The former gives you some depth. The latter, breadth. Outside of off-the-wall
Wikipedia articles, you should not be discovering anything radically new. If
all goes to plan, you should be able to answer the bulk of the straight
engineering questions. If you're lucky, one of them will click with a
Wikipedia article you've just read. See: Fragmentation, Skip Lists, Virtual
Functions, whatever. Read lots. Even if emulated, breadth counts.

If you get lost on step 1, this isn't the job for you (right now).

Good luck!

------
nl
The Google recruiters recommended me this Steve Yegg post: [http://steve-
yegge.blogspot.com/2008/03/get-that-job-at-goog...](http://steve-
yegge.blogspot.com/2008/03/get-that-job-at-google.html). Also take a look at
his posts on Amazon recruiting, as I found they were very relevant.

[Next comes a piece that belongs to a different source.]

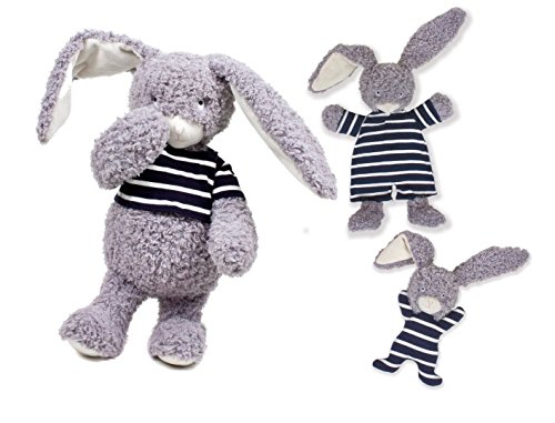 First mates bunny is made of curly soft plush with embroidered facial features and stripe jersey knit. This set includes one 16' bear, one 14' snuggle security blanket, and one 8' rattle. Machine washable and baby safe.

Learn Big-O notation for various algorithms

One thing that was recommended to me and I didn't do was the Topcoder practice
rooms. In retrospect I think that could have been useful.

------
integraleq
Check this link out: It might help you.

[http://www.amazon.com/Cracking-Coding-Interview-Fourth-
Progr...](http://www.amazon.com/Cracking-Coding-Interview-Fourth-
Programming/dp/145157827X/ref=sr_1_1?s=books&ie=UTF8&qid=1284344642&sr=1-1)

------
waveman
Practice writing code on a whiteboard.

Learn your algorithms.

Learn "O()" notations.

As well as the above they seem to look for a good GPA, good school, and a
record of having achieved things.

------
wdr1
Did you google "Google interview"?

------
jumby
you dont want to work there.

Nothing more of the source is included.